--- PROBLEM TO WORK ON ---
Return only the lines below starting at the line containing "洋蔥醬油(양파 간장소스): 清爽的洋蔥絲泡在醬油中,微酸微甜,搭配油脂豐富的五花肉特別解膩。" and ending at the line containing "Комод КЫМОР 8 ящиков белый/светло-коричневый", both included, exactly as they are and with no pictures.

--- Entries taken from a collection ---
•••

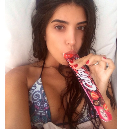 또 다른 사진은 아타네스의 볼륨감을 엿볼 수 있다. 빨간 보트 위에서 요염한 자세를 취하고 있다. 검정 비키니와 선글라스가 시선을 사로잡는다. 아이스크림을 먹고 있는 사진은 그의 풍만한 볼륨감을 느낄 수 있다.
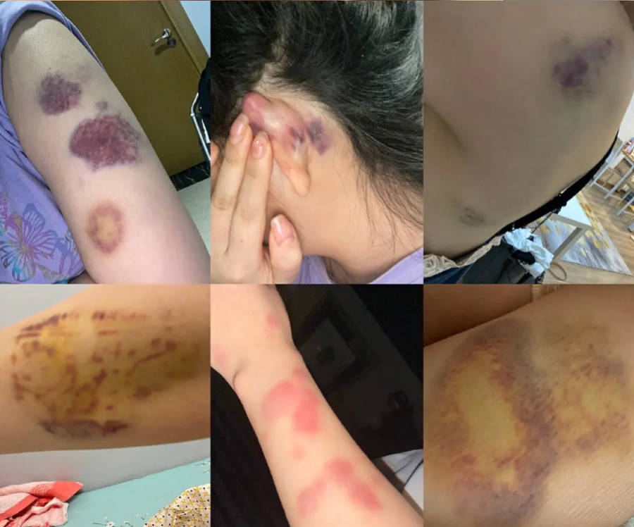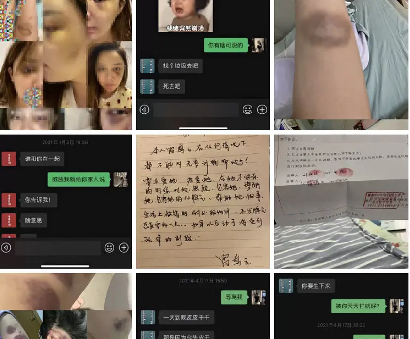 发帖女网友展示的照片中,可以看到脸部、手臂等处有多处淤青、伤痕,并展示了此前男方打伤自己后,公安机关开具的调解书。
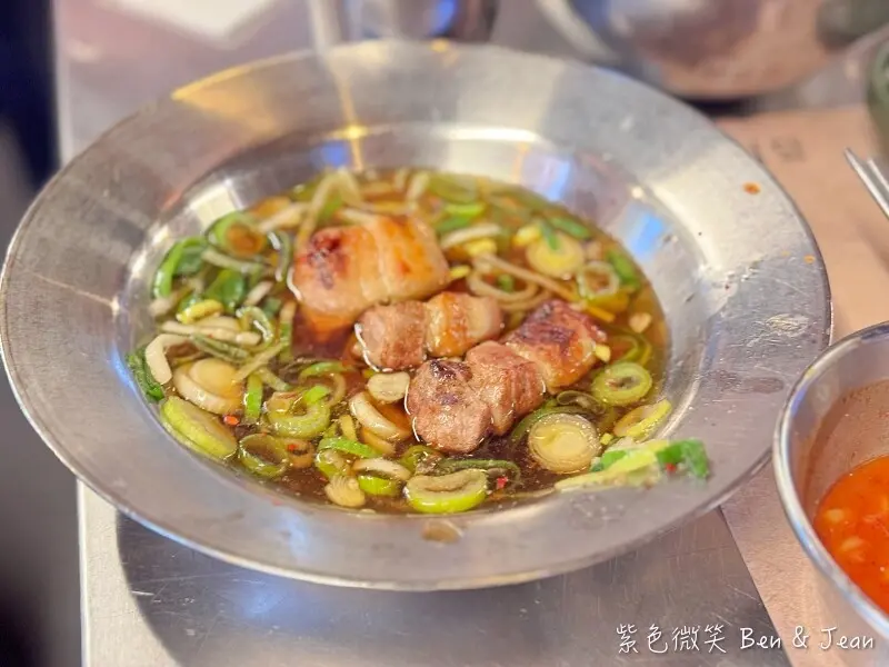 洋蔥醬油(양파 간장소스): 清爽的洋蔥絲泡在醬油中,微酸微甜,搭配油脂豐富的五花肉特別解膩。
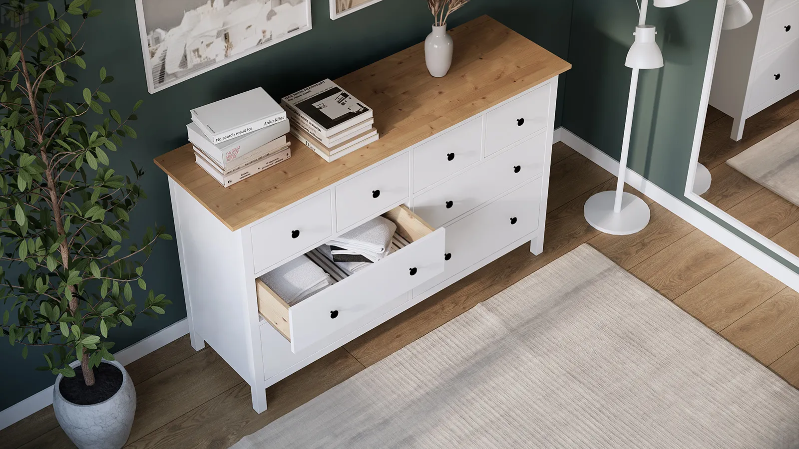 Комод КЫМОР 8 ящиков белый/светло-коричневый
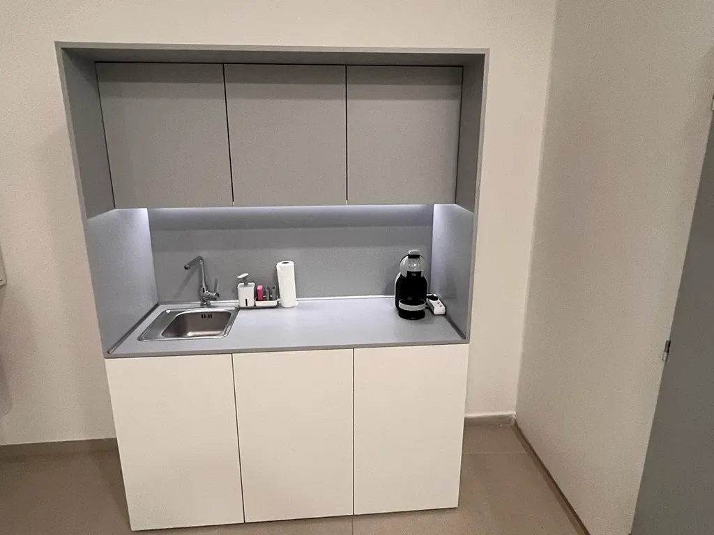 Přízemní kancelář - nebytový prostor o výměře 31 m2 s vlastním umyvadlem, oknem do dvora a čekárnou s novou kuchyňkou před kanceláří o výměře 11 m2, v novostavbě víceúčelového domu v Prostějově na ul. Uprkova. Nová kuchyňka s dřezem, osvětlením a zásuvkami pro kávovar či rychlovarnou konvici. Umístění kanceláře v budově v přízemí směrem do dvora, prosklený vstup na chodbě domu vpravo ihned za vstupními dveřmi do budovy s bezbariérovým přístupem. Možnost umístění firmy na banner u vchodu do budovy i na prosklenou dobře viditelnou část boční stěny u vstupu do čekárny.
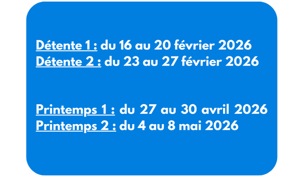 Ci-dessous, retrouvez notre offre de stages. Sur le bouton “Inscriptions”, vous pouvez vérifier les disponibilités, en fonction des périodes de congés.
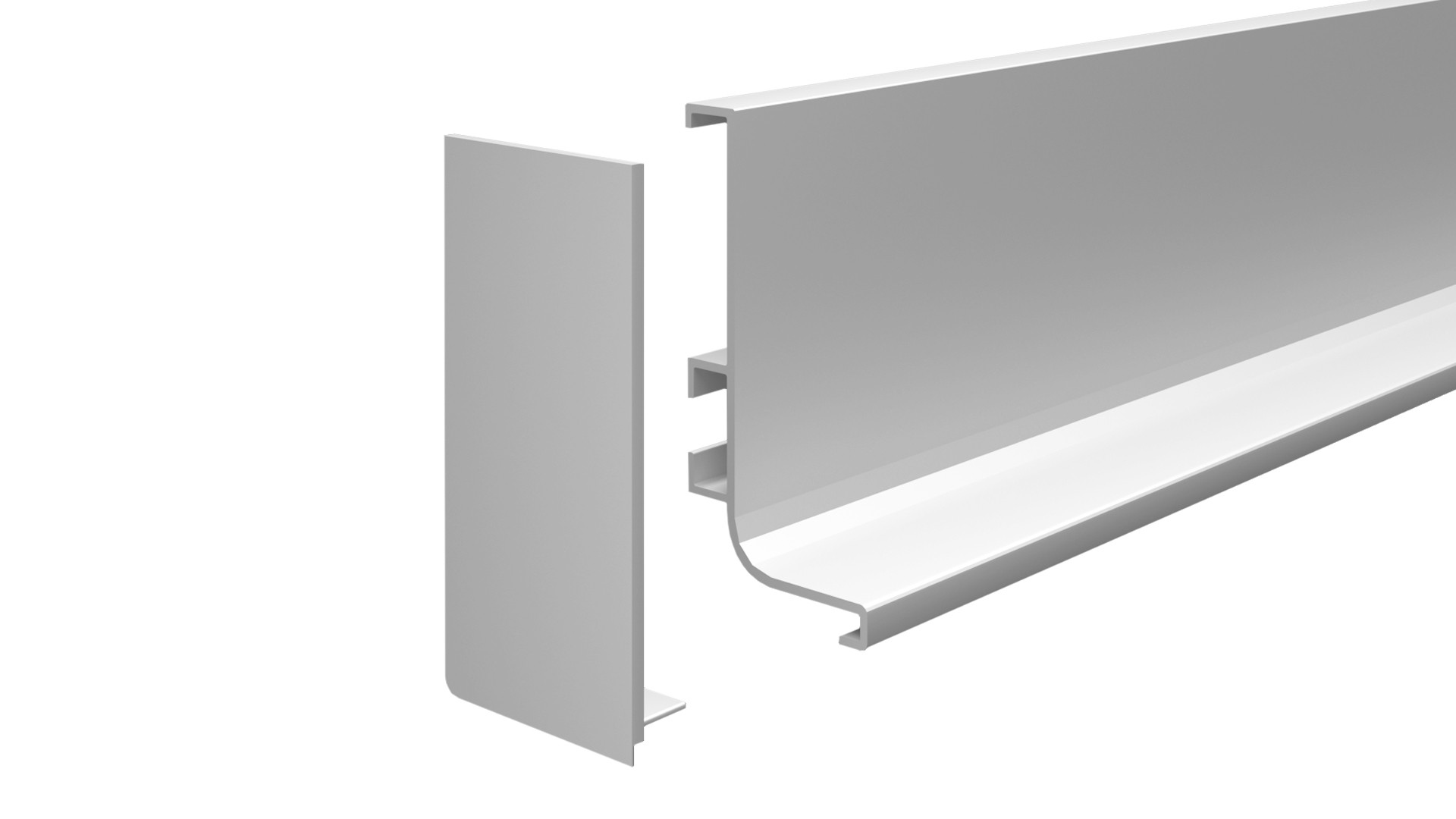 RZ051.04 - закрытые заглушки из цинк-алюминия для стильного и эстетичного оформления среза горизонтального профиля GOLA BALANCE по краям гарнитура, на стыке с посудомоечной машиной, духовым шкафом или мебельным модулем.
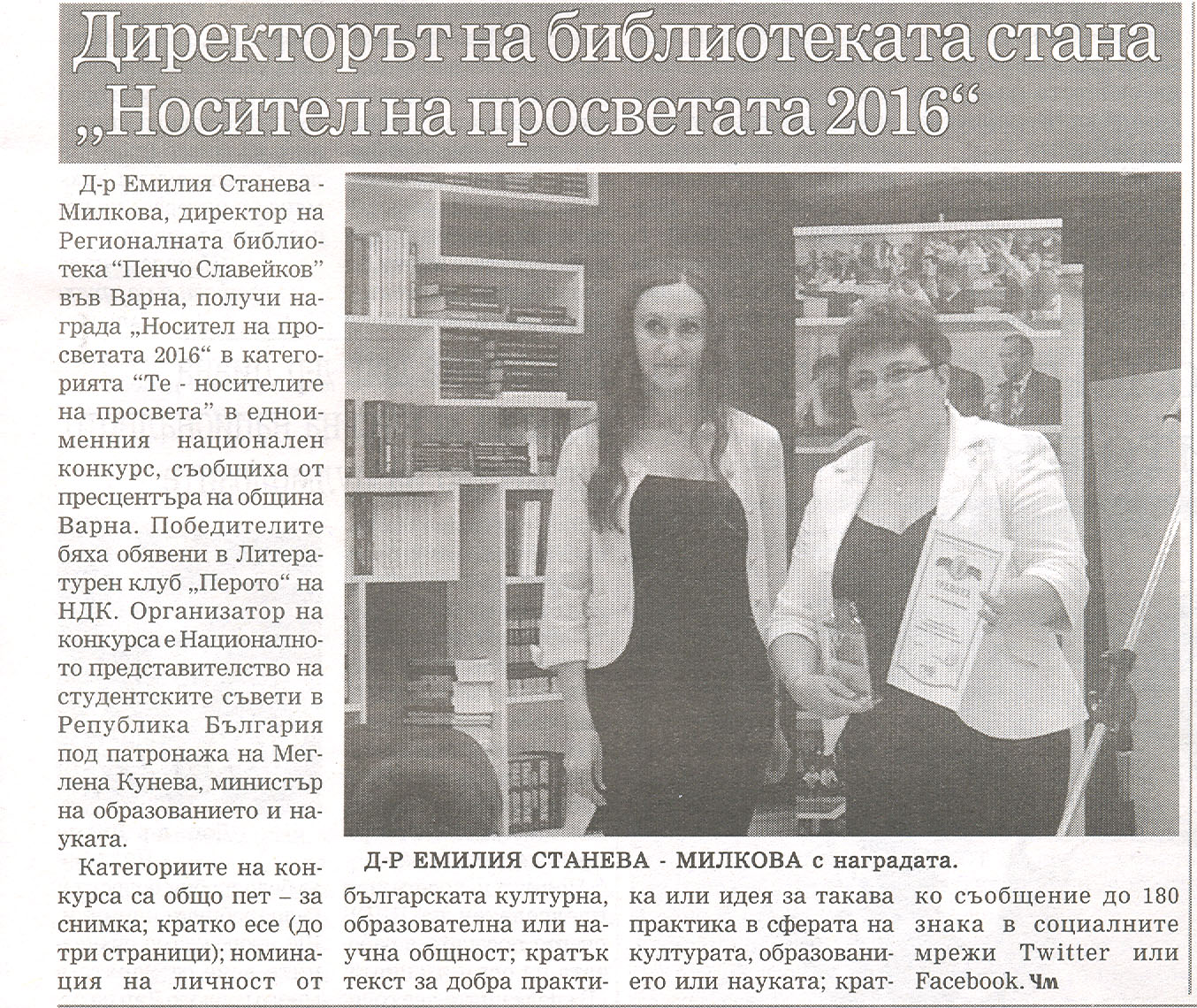 Директорът на библиотеката стана "Носител на просвета 2016".// Ч е р н о м о р е (Варна), XVIII, N 109, 13 юни 2016, с. 3. |

•••

--- SOLVED PROBLEM ---
 洋蔥醬油(양파 간장소스): 清爽的洋蔥絲泡在醬油中,微酸微甜,搭配油脂豐富的五花肉特別解膩。
 Комод КЫМОР 8 ящиков белый/светло-коричневый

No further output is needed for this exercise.